Developing the Global Student
Higher education in an era of globalization
Description:... Developing the Global Student addresses the question of how students of higher education can emerge from their university life better equipped to dwell more effectively, ethically, and comfortably amidst the turmoils of a globalizing world. It does this from a number of theoretical perspectives, illustrating the nature of the personal and educational challenges facing the individual student and the teaching professional.
The book explores the massive social changes wrought by the technologies and mobilities of globalization, particularly how present and future generations will relate to, work with and dwell alongside the global other. It outlines a range of social, psychological and intercultural perspectives on human tendencies to seek out comfort among communities of similitude, and illustrates how the experience of life in a global era requires us to transcend the limits of our own biographies and approach university education as a matter of knowledge deconstruction and identity reconstruction, rather than reproduction.

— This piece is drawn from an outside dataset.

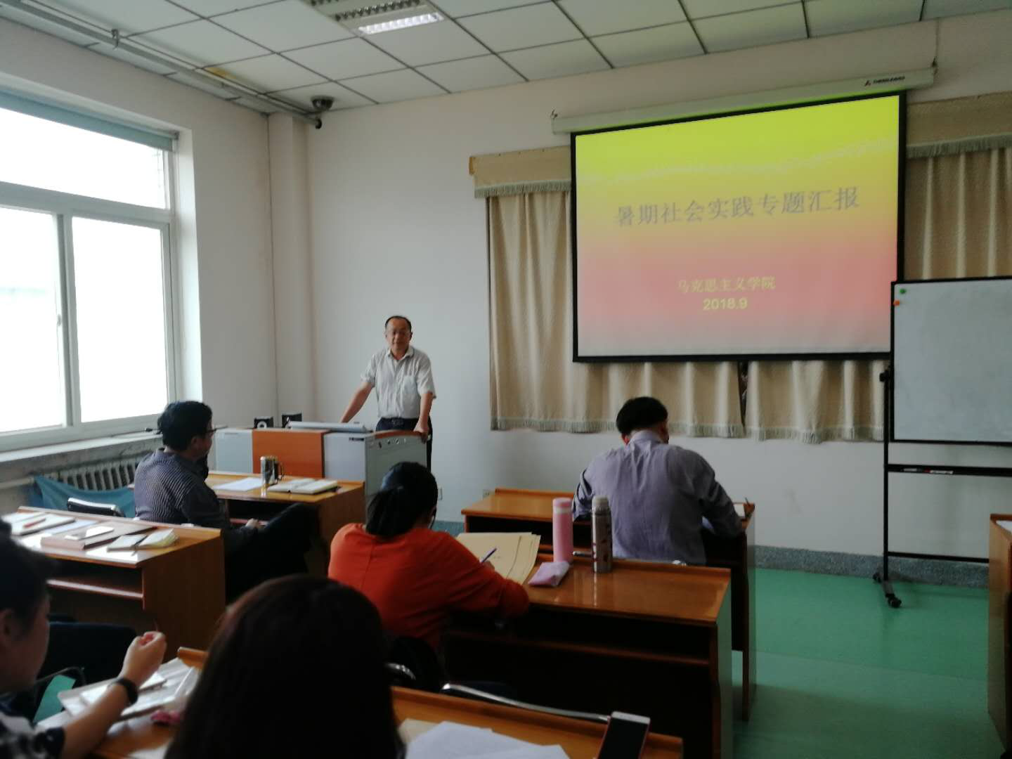 2018年9月19日下午,MG冰球突破官网全体教师于五号楼426举行了暑期社会实践专题汇报会。本次汇报会主要关于MG冰球突破官网部分教师暑期考察学习山西大寨集体经济的总结回顾,会议由MG冰球突破官网院长曹庆新主持,徐锋和张敬军两位老师汇报。

This book brings these considerations directly into the daily business of higher education by drawing out the implications for practice at a number of levels. It examines:
- the implications of a globally interconnected world and individual biographies for the design of the curriculum;
- a holistic view of learning in the context of the need to develop the global self;
- what the impact on non-academic practice will be if universities as institutions are to enable these changes;
- ways in which the broader student community can transform to offer an experience which is more supportive of the development of global selves.
Linking theoretical perspectives to present a model of learning as change, this book will be of great interest to those working in higher education, and particularly to anyone involved in policy design and the delivery of the student experience.